What are the data protection issues in whistleblowing?

The whistleblowing system in Indonesia allows employee to report fraud, corruption, or other serious wrongdoings occurring in the workplace. Though some may view the practice as a good way to discover illegal misconduct within the workplace while simultaneously protecting the whistleblower, others question the data protection aspects of whistleblowing, especially considering that the PDP Bill puts an emphasis on protection and confidentiality as one of its core principles.

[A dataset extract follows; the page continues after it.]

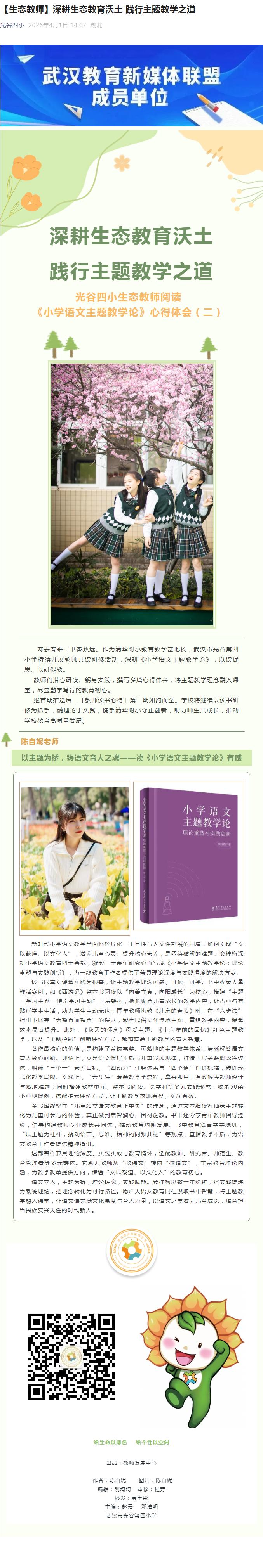 寒去春来,书香致远。作为清华附小教育教学基地校,武汉市光谷第四小学持续开展教师共读研修活动,深耕《小学语文主题教学论》,以读促思、以研促教。

Whistleblowing is viewed as a system that inherently violates the constitutional right to have your personal data protected. This is because the personal data obtained from the whistleblower will be processed without first acquiring the consent of the personal data subject. This may include not only the whistleblower’s data, but also the personal data of witnesses, reported persons, and other persons whose data may be disclosed after having been unlawfully procured and processed during the whistleblowing process. Therefore, to ensure that no one’s constitutional rights are violated during the whistleblowing process, proper procedures must be put in place by employers to uphold the principles set out in the PDP Bill.

Summary

The recently passed PDP Bill is a major shift in the Indonesian legal framework. It is the first time Indonesia has had a single comprehensive law regarding personal data protection. Looking at the PDP Bill and all the discussion around it, one can conclude that almost every issue related to personal data protection boils down to the fundamental, yet sometimes neglected, idea of consent. Employers must bear in mind that any action they wish to take concerning the personal data of employees requires the prior valid and explicit consent of the employees for such action to be deemed lawful.